→ **The data**
BEGIN
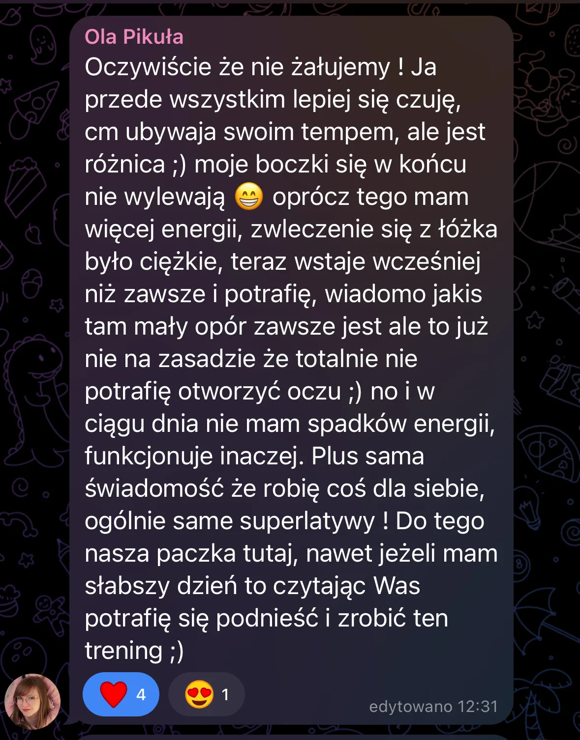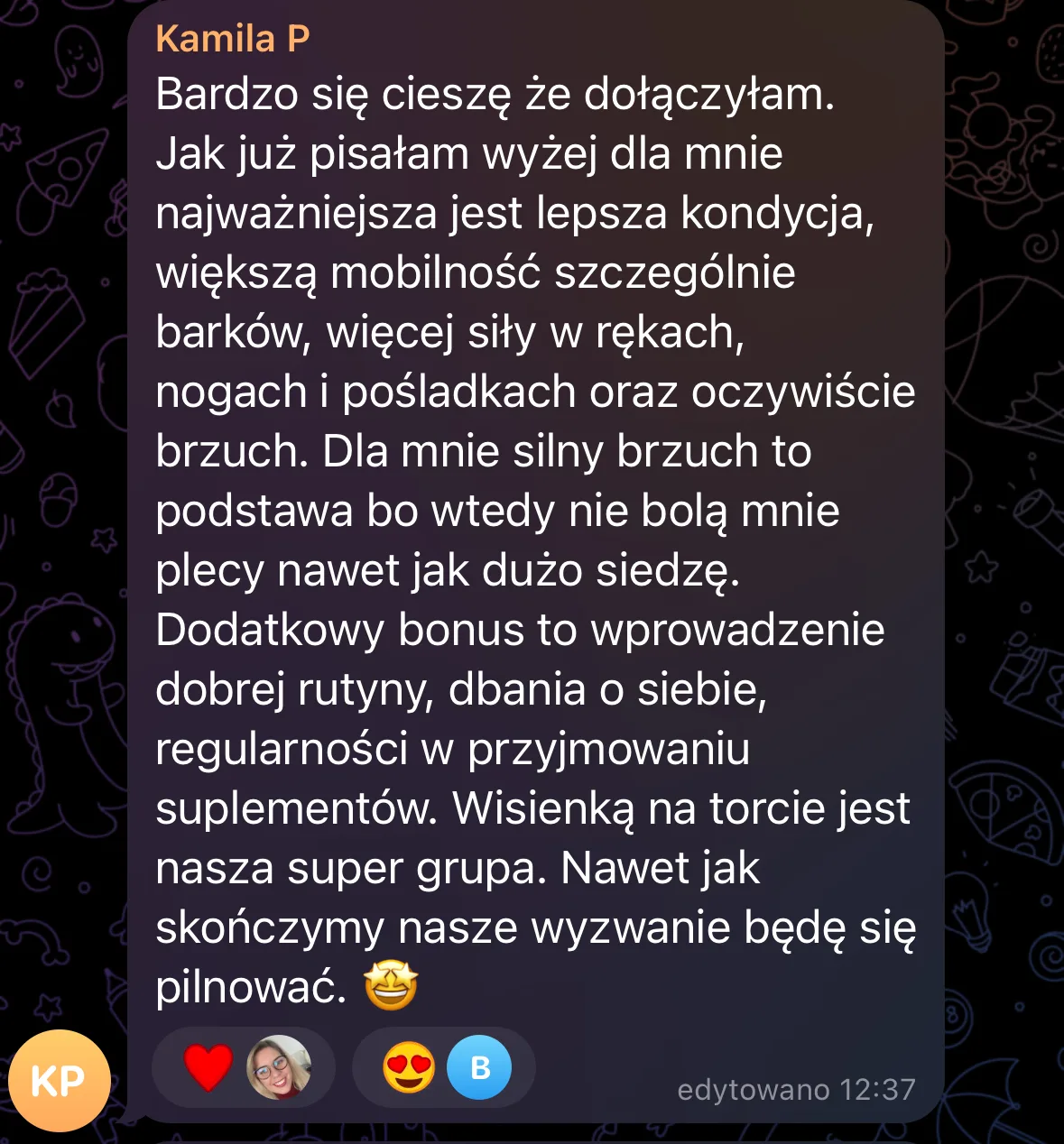 Masz przez 3 tygodnie trenera w swojej aplikacji i możliwość napisania do niego w każdej chwili w komentarzach na naszej grupie – na wszystkie odpowiadam
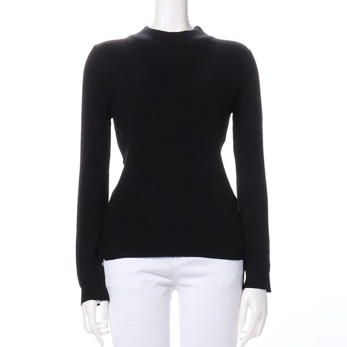 ハイネックリブニット。オンオフどちらでも使えるアイテムです。アイラインスカートを合わせてきれいめスタイルに、ウエストベルト付きストレートパンツを合わせてきれいめカジュアルスタイルも良いですね。
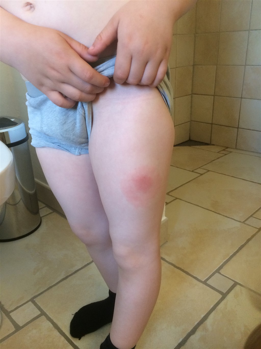 I morges havde han en rød, hård plet på str med en 20'er. Her til aften er den meget større, hård og varm! Er det normalt? Så store mærker plejer de ikke at få, mine drenge.
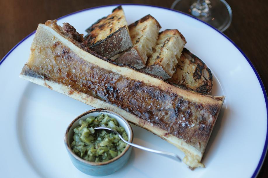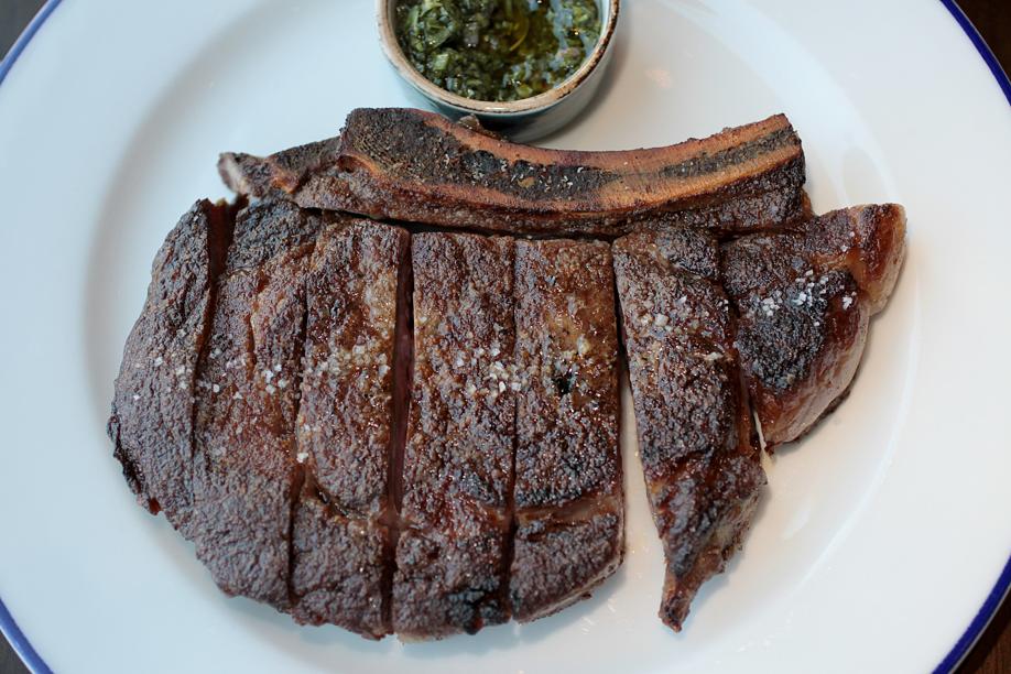 Rib eye for two, on the other hand, resurrects that marrow bone and pairs it with a 24-or-so-ounce bone-in rib eye, sliced and served with fingerlings and a vinegary herb paste. What do you do with the marrow? Whatever you want, really: smear it on the potatoes or right on the beef — an umami festival that stands up to the bright flavors of the first and second courses.
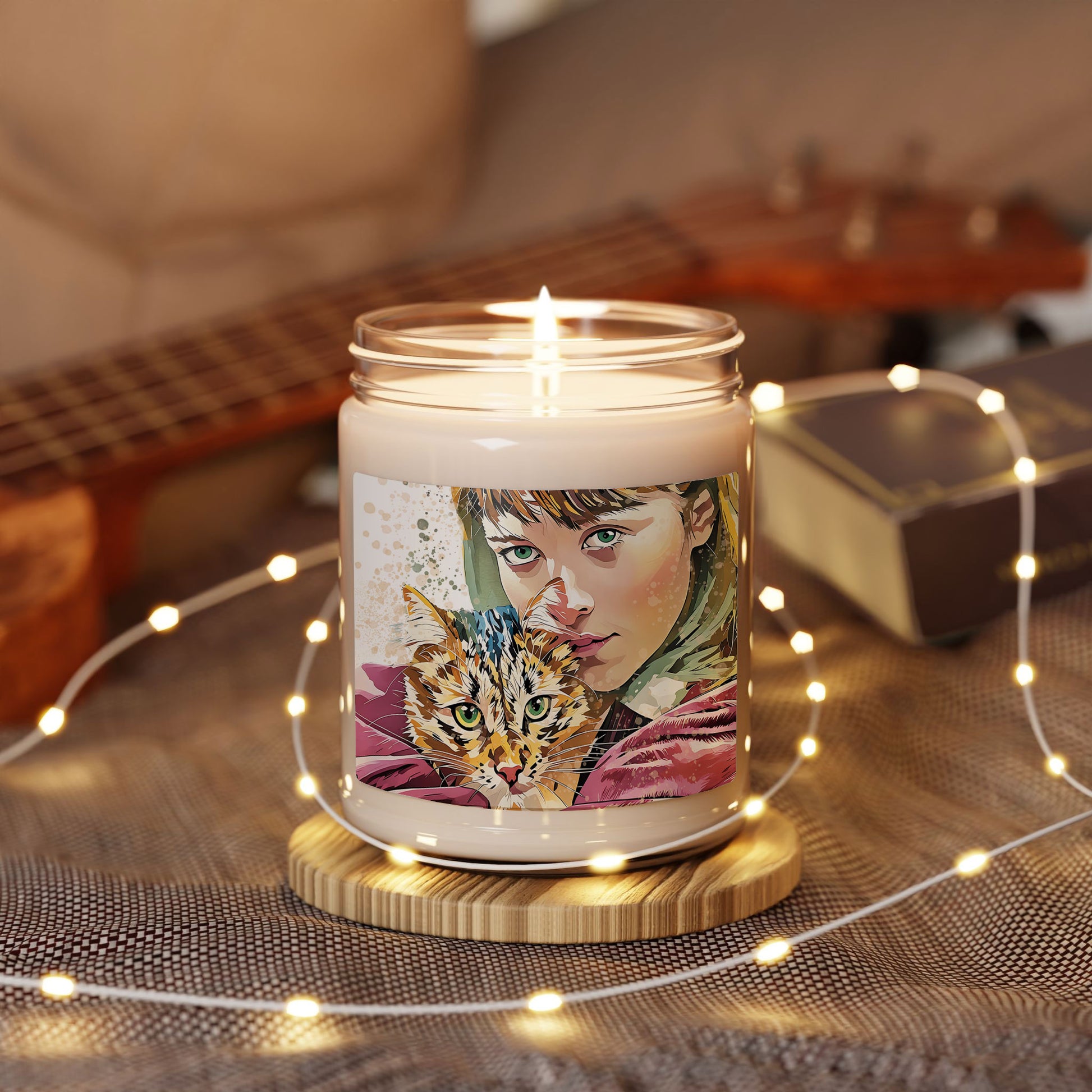 Personalized Photo to Illustration Pet Moment 9oz. Scented Soy Candle Digital Art Style Animal Lover Gift
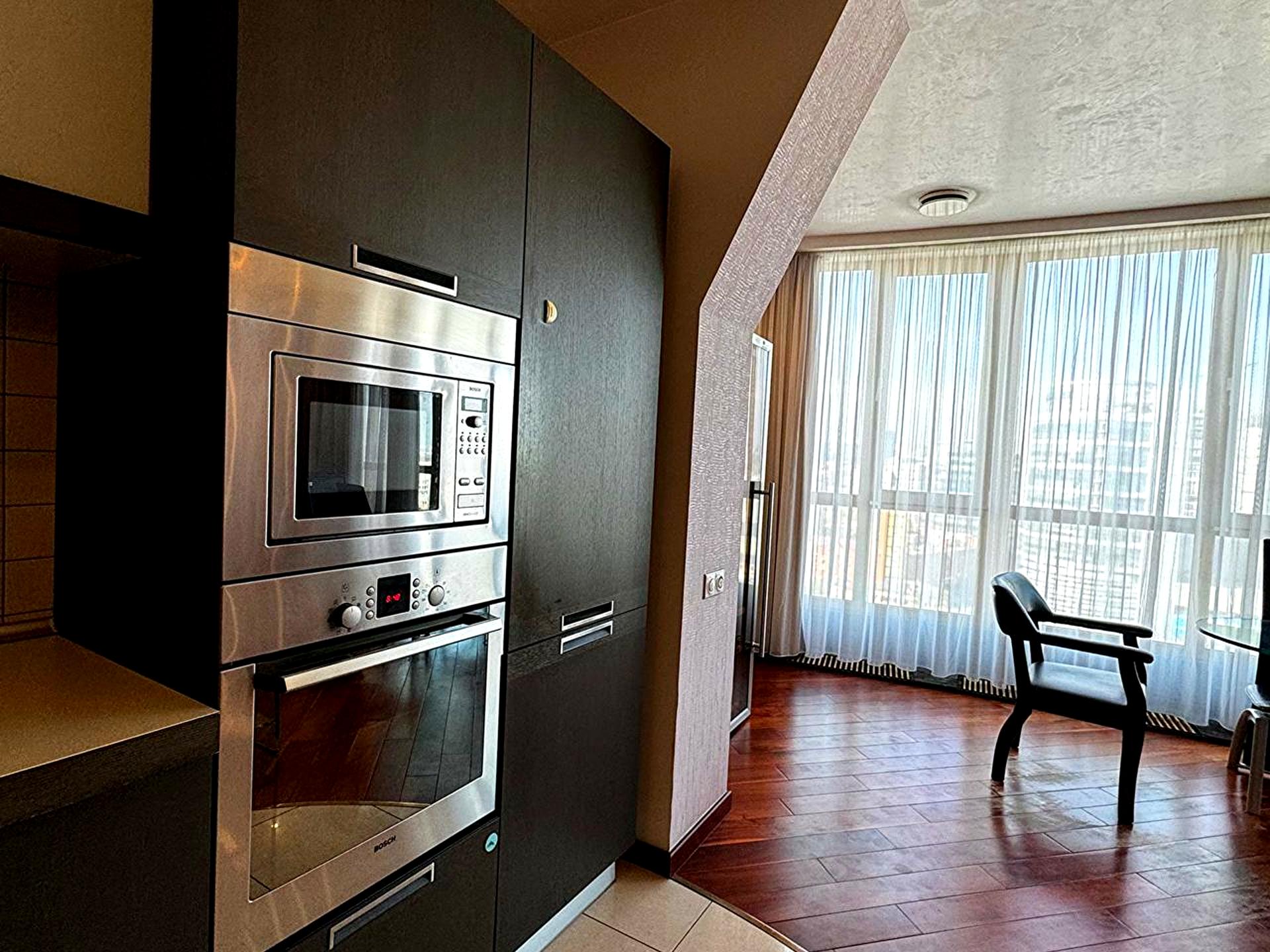 В квартире 4 комнаты, высота потолков 2.9 метра, Технологія будівництва - Цегляна. Вид из окон на реку, на город. Планировка комнат Смежно-раздельная. Есть горячая вода. Отопление автономное. В квартире 2 совместных санузла, туалет/ванная/душ. Есть 3 балкона. В квартире есть Кабельное ТВ, Спутниковое ТВ, Подогрев полов, Кондиционер, Стиральная машина, Душевая кабина, Джакузи, Холодильник, Микроволновка, Посудомойная машина, Сигнализация. Дом построен в 2010 году. Общее состояние квартиры - С ремонтом. Рядом есть школа, детсад, развлекательные заведения, остановки, супермаркет, парк, речка/озеро. Покрытие пола: паркет. Комиссия за услуги 5 %
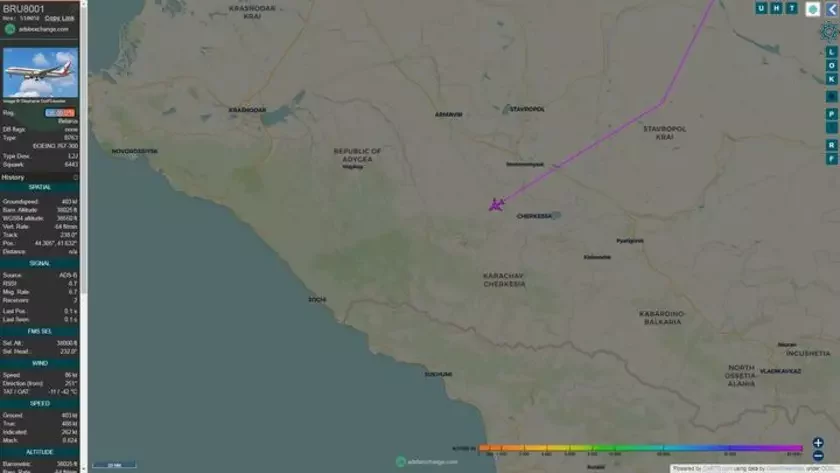 Boeing 767−32ker пад нумарам EW-001PB, на якім лётае Аляксандр Лукашэнка, вечарам 24 верасня прызямліўся ў Сочы, піша «Зеркала».
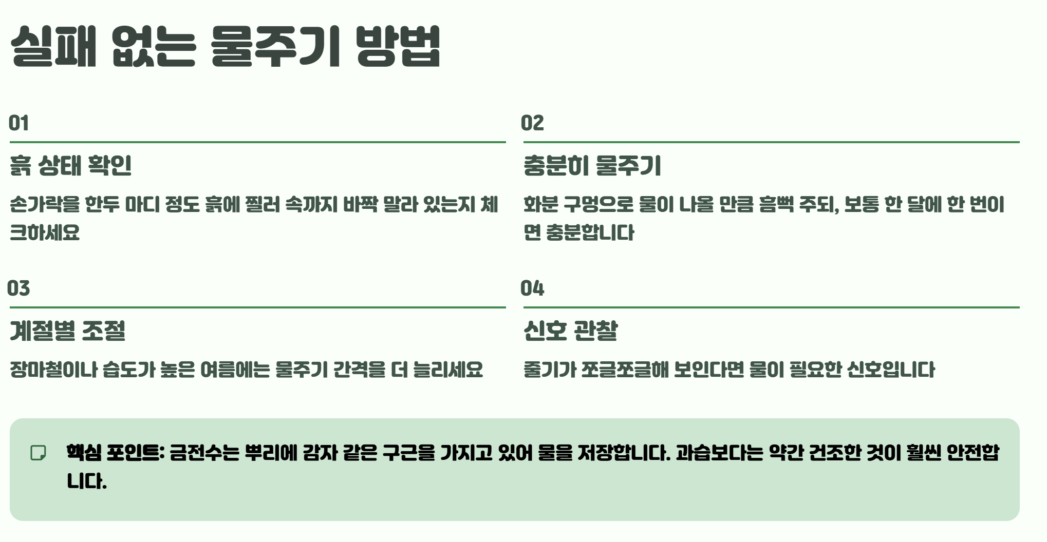 💧 실패 없는 금전수 물주기: 핵심은 '무관심'
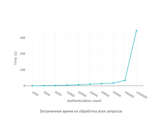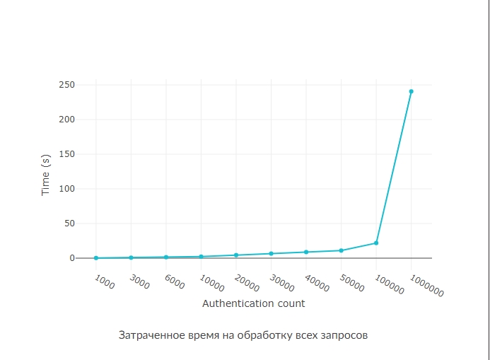 В данных тестах мы прогоняли от 1000 до 1.000.000 запросов авторизации
END
→ **About this task**
Copy out every line of the material above exactly, skipping the pictures.

→ **Written reply**
 Masz przez 3 tygodnie trenera w swojej aplikacji i możliwość napisania do niego w każdej chwili w komentarzach na naszej grupie – na wszystkie odpowiadam
 ハイネックリブニット。オンオフどちらでも使えるアイテムです。アイラインスカートを合わせてきれいめスタイルに、ウエストベルト付きストレートパンツを合わせてきれいめカジュアルスタイルも良いですね。
 I morges havde han en rød, hård plet på str med en 20'er. Her til aften er den meget større, hård og varm! Er det normalt? Så store mærker plejer de ikke at få, mine drenge.
 Rib eye for two, on the other hand, resurrects that marrow bone and pairs it with a 24-or-so-ounce bone-in rib eye, sliced and served with fingerlings and a vinegary herb paste. What do you do with the marrow? Whatever you want, really: smear it on the potatoes or right on the beef — an umami festival that stands up to the bright flavors of the first and second courses.
 Personalized Photo to Illustration Pet Moment 9oz. Scented Soy Candle Digital Art Style Animal Lover Gift
 В квартире 4 комнаты, высота потолков 2.9 метра, Технологія будівництва - Цегляна. Вид из окон на реку, на город. Планировка комнат Смежно-раздельная. Есть горячая вода. Отопление автономное. В квартире 2 совместных санузла, туалет/ванная/душ. Есть 3 балкона. В квартире есть Кабельное ТВ, Спутниковое ТВ, Подогрев полов, Кондиционер, Стиральная машина, Душевая кабина, Джакузи, Холодильник, Микроволновка, Посудомойная машина, Сигнализация. Дом построен в 2010 году. Общее состояние квартиры - С ремонтом. Рядом есть школа, детсад, развлекательные заведения, остановки, супермаркет, парк, речка/озеро. Покрытие пола: паркет. Комиссия за услуги 5 %
 Boeing 767−32ker пад нумарам EW-001PB, на якім лётае Аляксандр Лукашэнка, вечарам 24 верасня прызямліўся ў Сочы, піша «Зеркала».
 💧 실패 없는 금전수 물주기: 핵심은 '무관심'
 В данных тестах мы прогоняли от 1000 до 1.000.000 запросов авторизации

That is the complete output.